The facial nerve is the most common cranial nerve involved, followed by the glossopharyngeal nerve, the vagus nerve and the accessory nerve [5]. This is due to its anatomic location in the temporal bone [2].
Facial nerve involvement indicates more progressive disease on computed tomography (CT), which verifies worsening of the disease by itself [6]. However, it does not worsen the prognosis by itself. There is no difference in survival between those with facial nerve involvement and those without [6]. Facial nerve palsy, coupled with bilateral ear involvements and other significant major HRCT findings, such as temporomandibular joint destruction, infratemporal fossa, or nasopharyngeal soft tissue involvement, do not show a poorer prognosis and tend to manifest as a prolonged, aggressive, and highly fatal disease [7]. The challenge in this patient was assessing the severity of the facial nerve paralysis. The face looked symmetrical because of the bilateral involvement of the facial nerve with the same severity. Sunny-Brook scoring, which evaluates the paralysis based on comparison with the normal side, was impractical, as the contralateral side was also affected. This is may have been easily overlooked at the local clinic or even by the emergency department personnel. Delay in detecting facial nerve palsy can lead to delay in treatment and predisposes the patient to developing complications.
For monitoring the disease progression, several modalities can be used. ESR is typically elevated in MOE, thus serving as a useful indicator for the response to therapy [2]. HRCT of the temporal bone is useful in diagnosing MOE but is not a proper tool for follow-up assessments. This is because the radiologic appearance of osteomyelitis is only evident when at least one-third of the bone mineral is lost, and conversely, bone remineralization continues long after the infection is cured [8]. The technetium-99 bone scan cannot be used to document resolution, as bone changes persist after disease resolution [9]. Ongoing infection is best monitored with 67Gallium scintigraphy, as 67Gallium is absorbed by macrophages and cells of the reticuloendothelial system, thus making it suitable for monitoring the response to treatment [10]. 67Gallium scintigraphy combined with single-photon emission computed tomography/CT can help differentiate bone healing from active infection [9]. Further, if these scans reveal ongoing infection, antimicrobial therapy should be performed, and the scans can be repeated every 2–4 weeks until normalization [9]. We advocate that the patient should be followed-up for at least 6 months with a low threshold for imaging since MOE has a tendency to recur.
In conclusion, MOE is typically a unilateral disease but can present bilaterally in the ears.
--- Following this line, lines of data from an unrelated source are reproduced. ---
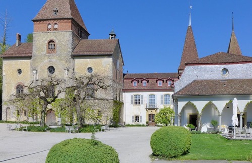 Münchenwiler a 3 km de Murten: Castillo "Münchenwiler", histórico, rodeado de árboles y prados. Lugar tranquilo, soleado en una colina, en el campo. Comunitario: parque con flores y árboles, terreno con hierba, bonito jardín para relajarse, patio, estanque natural. Terraza-jardín, terraza, muebles de jardín. En el inmueble: recepción, restaurante, sala de desayuno, sala de descanso con TV, billar, futbolín, sala para guardar bicicleta, calefacción central, bicicletas a disposición (extra). Cambio de sábanas (suplemento extra). Cambio de toallas (suplemento extra). Posibilidad de limpieza (extra). Posibilidad: desayuno y media pensión (extra). Aparcamiento en el mismo terreno. Tienda 3 km, supermercado 2 km, parada de autobús 250 m, estación de tren "Murten" 3 km, piscina 3 km. Campo de golf (18 hoyos) 7 km, escuela de surf 4 km, tenis 2.6 km, minigolf 3 km, rutas de senderismo desde la casa, caminos para bicicletas 1 m. Atracciones en los alrededores: Historische Stadt Murten, Tropenparadies Papillorama, Grotten von Mont Vully, Römermuseum Avenches. Lagos conocidos fácilmente accesibles: Murtensee, Neuenburgersee. Zona de senderismo Vully, Jura. A tener en cuenta: coche recomendable, ascensor s.lo hasta el 2° piso.
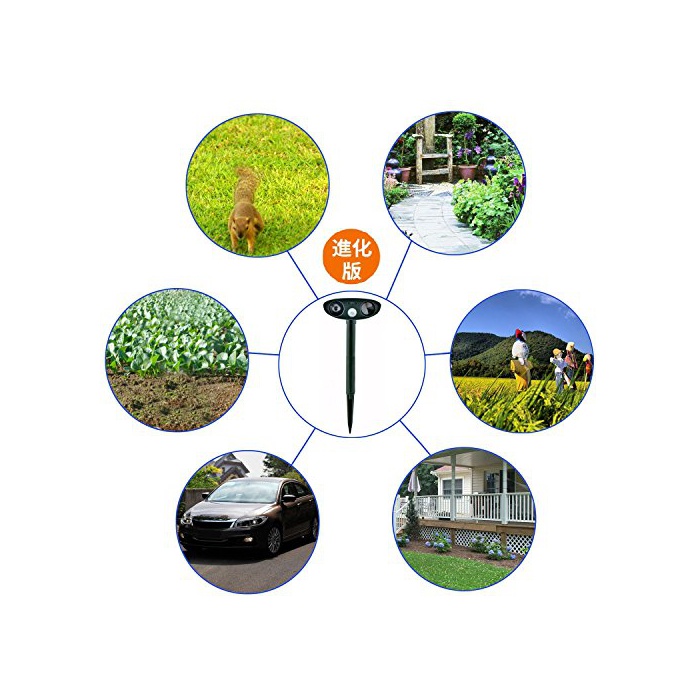 초음파와 LED라이트:자동 조정파 빈도에 야생 동물,고양이,개,쥐,키츠네,새,설치류 등이라고 야행성 동물을 상처 붙이지 않고 쫓아버립니다.
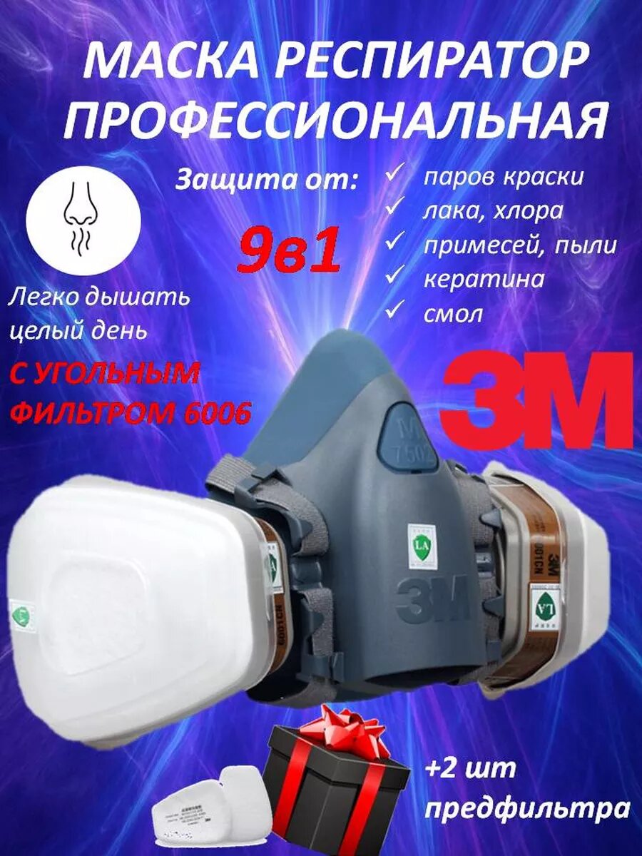 Респиратор 3М 7502 маска защитная от пыли краски химии интересное:
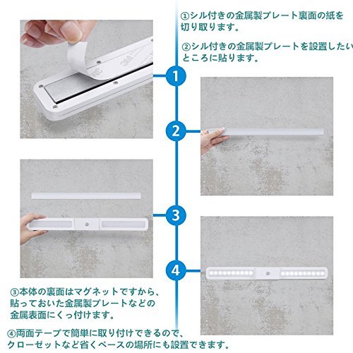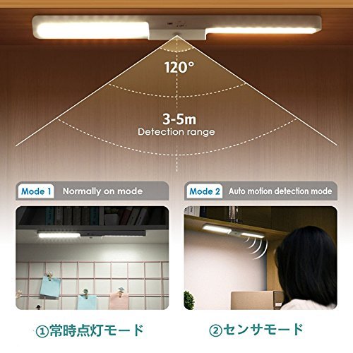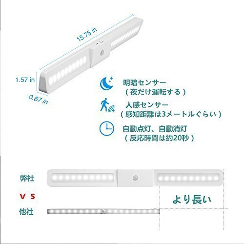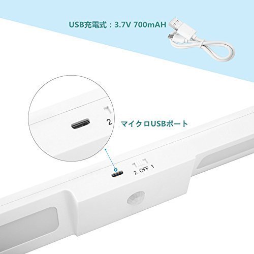 ①【人感センサー&光センサーを搭載】:人感センサーライトのPIRセンサー器と光センサー器が同時に作動し、昼と夜を認識します。そのため、昼間など本機の周囲が明るい場合、人間の動作を感知してもライトはオフの状態。夜間など暗い時には人が来ると反応(感知距離は3メートル程度)、LEDライトが自動点灯し、人がいなくなると約20秒後に自動消灯します。 ②【省エネなUSB充電式】:本機は充電式バッテリー(700mAh)を内蔵しておりmicroUSBケーブルを介して充電が可能です。充電ポートやUSBポート搭載の機器で充電されてください。20個の明るい白色LEDを搭載、省エネで環境に優しいLEDセンサーライトです。 ③【取り付け方法】簡単に取り付け、取り外しが可能です。磁石付きの本機を固定するため添付の接着板を使用することにより、本機をどんな場所にでも設置できます。(接着させる箇所は水気や汚れを拭き取ってから貼り付けてください)。本機を固定するために特別なツールは不要!ネジやナットなどの工具は必要ありません。 ④【適用場所範囲】軽量&ポータブルデザイン – バーの形をしたコンパクトサイズの理想的な夜の光。あなたのベッドルーム、バスルーム、キッチン、クローゼット、廊下、階段などを照らす機能を備えています ⑤LEDセンサーライトの感度に影響が無いように、3つのセンサーライトは同じ空間(狭い間隔で設置)や極端に湿度が高い所、蒸気など冷湯気などの出入り口に取り付けないでください。感度に影響する可能性があるため大変重要な事項となります。ぜひご注意ください。
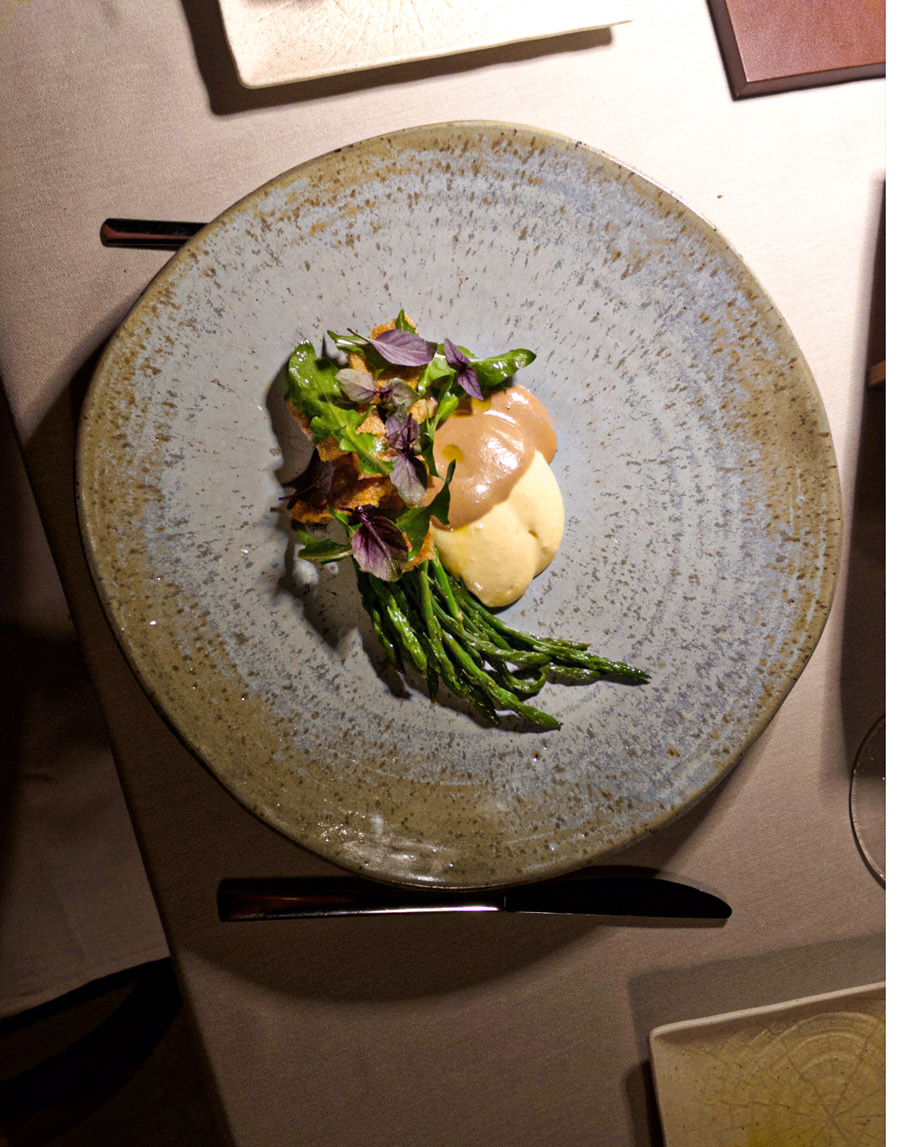 Divlje šparoge s custardom od kozjeg jogurta i kremom od oraha doslovno su fenomenalne: Klarić je povezao žestoki okus istarskih šparoga s jednako žestokim okusom kozjeg jogurta tako da je ovo jelo, bazirano na dva opaka sastojka, na kraju ispalo ne samo ekspresivno nego i elegantno . Tajna je u naglašeno kremastim teksturama oba umaka, koje su poslužile kao amortizer za jake okuse.
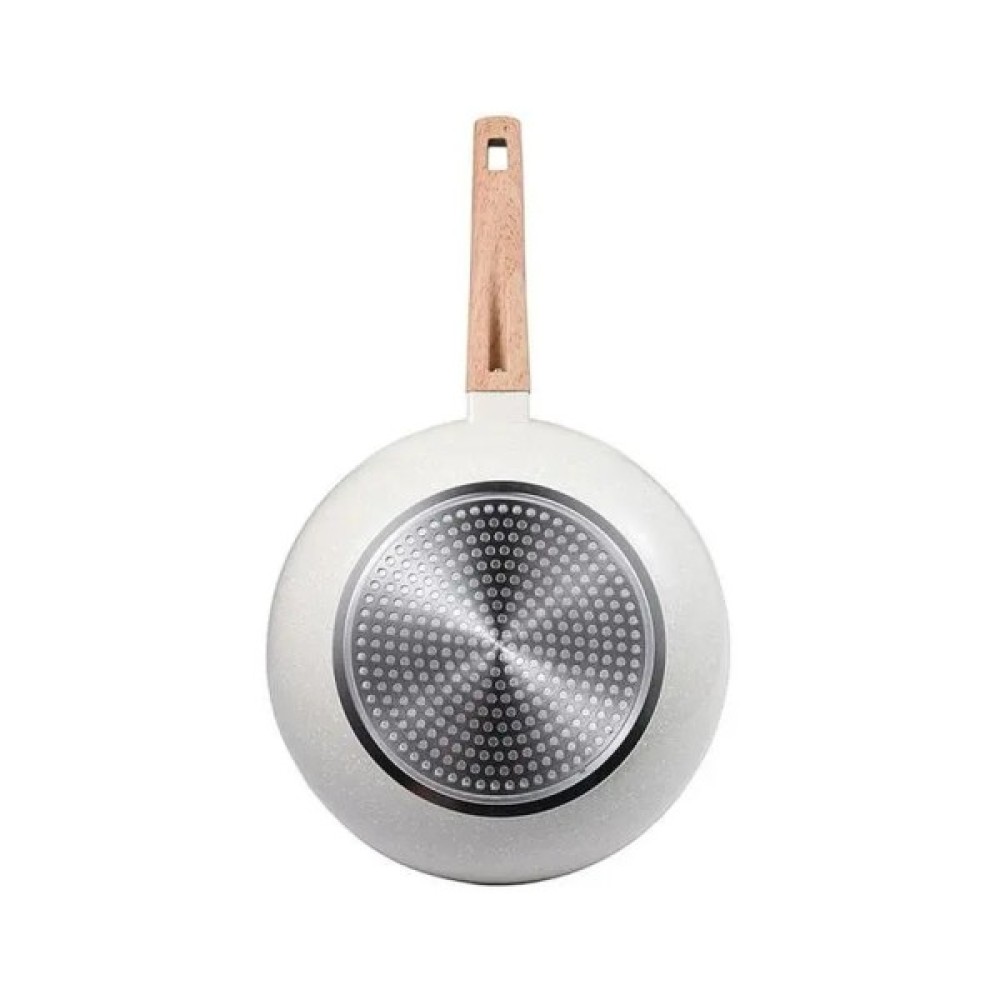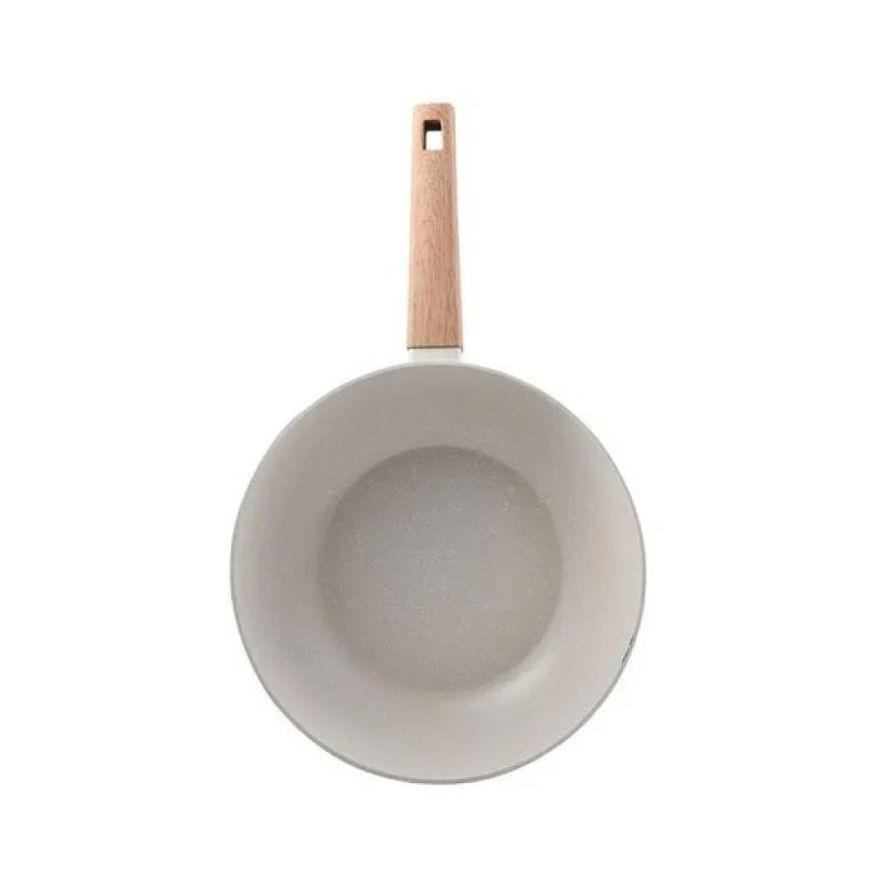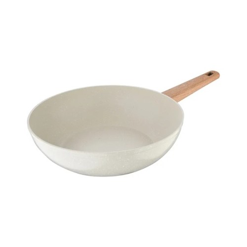 Bergner Naturally пропонує вам чудовий вок діаметром 28 см, який оптимально розподіляє тепло для ретельного приготування їжі без гарячих точок завдяки високоякісному кованому алюмінію, з якого він виготовлений. Цей унікальний матеріал має товсте дно, рівномірно розподіляє тепло від центру до країв сковороди та забезпечує високу стійкість до корозії. Вок ідеального розміру для обсмажування інгредієнтів, які не випадають. Ергономічна дерев'яна ручка з м'яким покриттям забезпечує надійне утримання вока. Насолоджуйтесь колекцією, розробленою з індукційною основою, яка підходить для всіх плит на ринку, а також її кремовим покриттям з витонченими золотими та білими крапками, які додадуть тепла вашій кухні. Легко миється, для продовження терміну служби продукту рекомендується ручне миття.
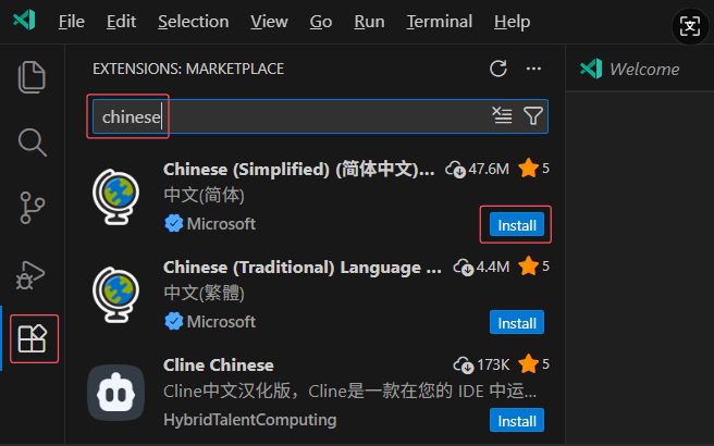首先我们先安装 VSCode 编辑器,找到安装包\工具\VSCodeUserSetup-x64-1.84.0-insider.exe进行安装。安装完后建议安装中文插件,在插件市场中搜索chinese,安装第一个,当然不安装也可以。
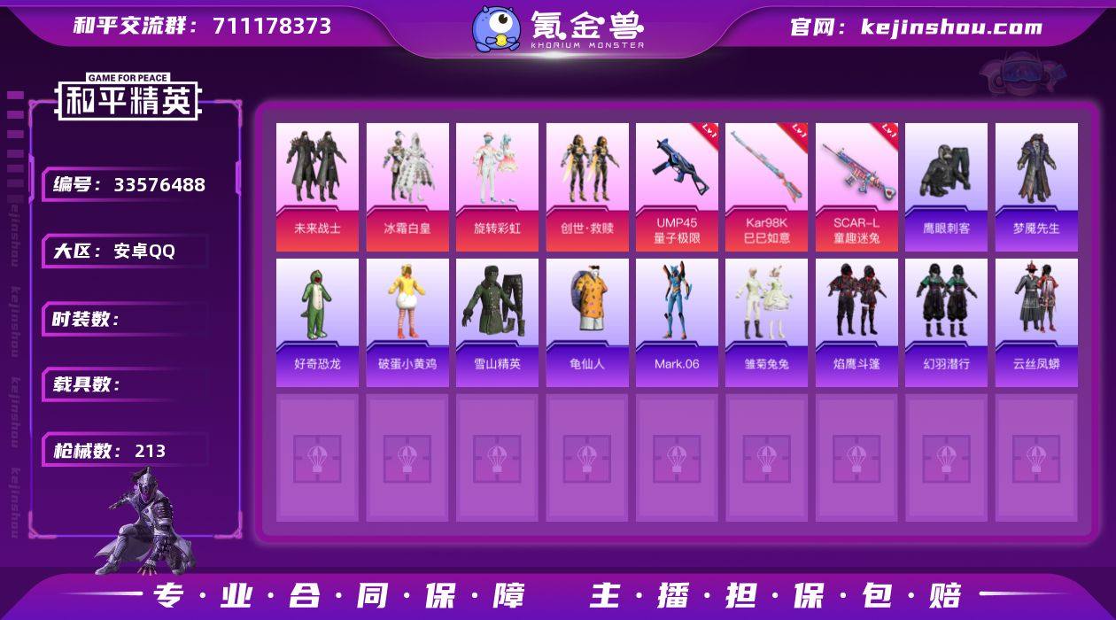 hs67864安卓手Q-6王牌印记-4粉装-5特效枪-59986热力值-172套装-213枪皮-1卓越印记
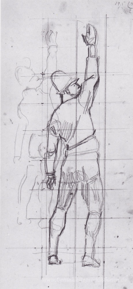 Wir bieten Ihnen eine handgefertigte Reproduktion auf Leinwand des berühmten Kunstwerks 'Vereidigung von hinten' von Ferdinand Hodler, aus dem Reproduktionsmuseum.
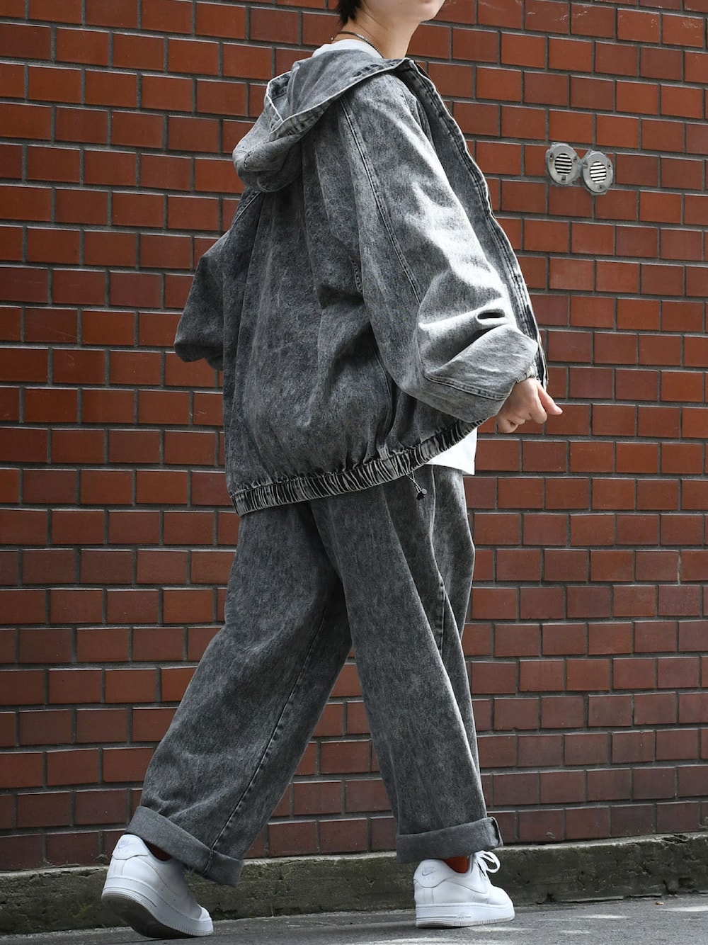 StartingOver_officialのブルゾン「vintage like hard wash denim hoodie/ヴィンテージライク ハードウォッシュ デニム ジップパーカー」を使ったコーディネート
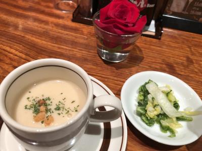 平日の11:30過ぎに訪問しました。銀座インズ1の地下にあるお店です。正午すぎると混んで待つので、早目がお勧めです。テーブルにはいつも赤いバラが一輪。ミニスープと漬物、ライス。ホクホクのガーリックと玉ねぎ、人参とほうれん草、一口ステーキ。炎をあげて焼いているのも、カウンター越しに見えます。男性店員さん達がきびきびと働いている姿も好感が持てます。
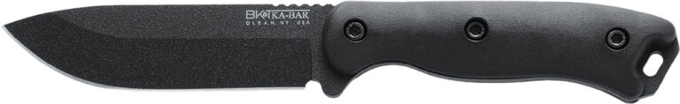 The Short Becker Knife is a modestly sized field knife perfect for belt or pack carry. Made as a solid one piece design, it is constructed of 1095 Cro-Van with a ridged thumb serration area to help with control during pressure cutting. The blade has been flat ground to maintain strong edge retention and provide for easy sharpening even in the field. Includes a MOLLE compatible Cordura sheath and an extra set of brown handles. Made in the USA.
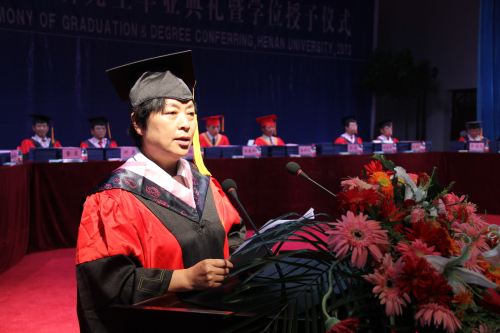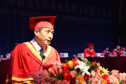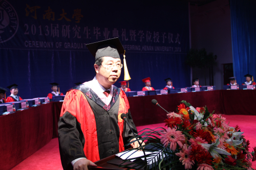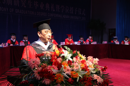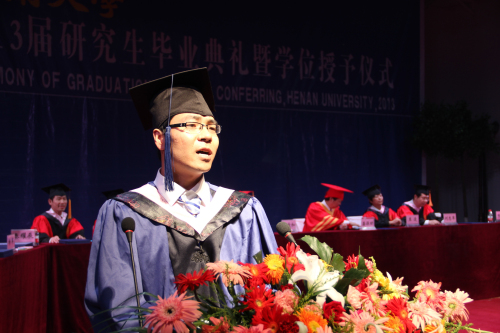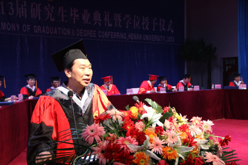 优秀硕士毕业生代表、历史文化学院王兵同学代表全体2013届研究生对母校和老师的辛勤培养表示衷心的感谢,并向母校献上了真挚的祝福。他表示自己和同学们将在未来的人生道路上坚持自己的选择、忠于自己的理想和信念、勇敢面对挑战。博士生导师、黄河文明与可持续发展研究中心执行主任苗长虹代表全体导师向毕业生表示诚挚的祝贺,他希望同学们秉承母校“团结、勤奋、严谨、朴实”的优良校风,明确自己的人生理想,脚踏实地,坦然面对未来,并祝同学们生活幸福、事业辉煌。
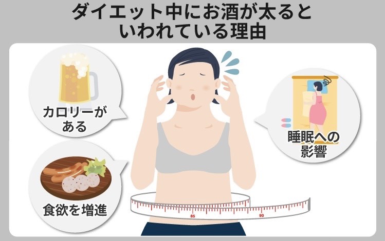 ダイエット中にお酒が厄介なのは、「カロリー」と「代謝抑制」の両面からです。
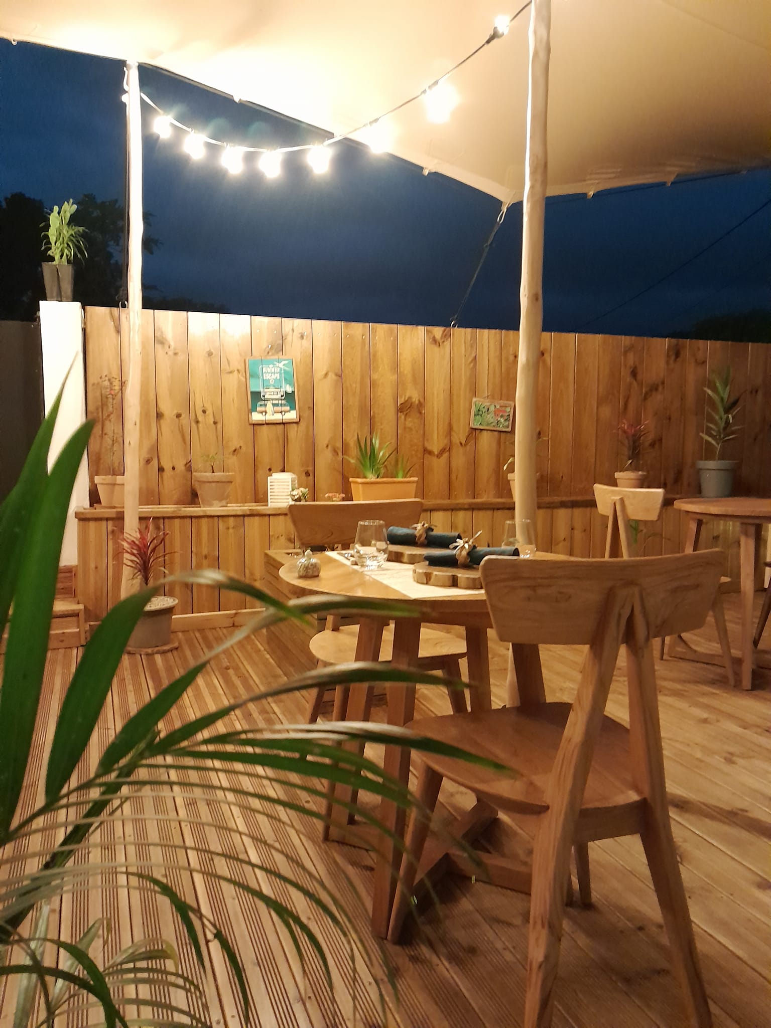 À la tombée du jour, lorsque l’air devient plus doux sur la côte Est de Saint-André, une lumière chaleureuse s’allume sous une terrasse en bois. Des guirlandes scintillent doucement, le parfum du bois chauffé se mêle à celui des herbes fraîches… Bienvenue au restaurant Bal La Poussière, une adresse où l’on vient autant pour l’assiette que pour l’atmosphère.

The presence of cranial nerve palsy needs to be identified early, as it indicates disease progression. Early diagnosis and prompt intervention can provide favorable outcome in an otherwise progressive and potentially fatal disease.


No potential conflict of interest relevant to this article was reported.

Figure. 1.
Pure-tone audiometry of both right and left ears show mild to severe conductive hearing loss, as evident by the air–bone gap threshold with a sloping configuration.
Figure. 2.
Coronal-view high-resolution computed tomography of the temporal bone shows a soft tissue mass (white arrows) in the bilateral ear canals with erosion (black arrows) of the underlying temporal bone.
Figure. 3.
Axial-view high-resolution computed tomography of the temporal petrous shows the soft tissue mass (*) in bilateral ear canals with sparing of the middle ear.
Figure. 4.
The technetium-99 bone scan shows uptake (white arrows) in bilateral temporal regions.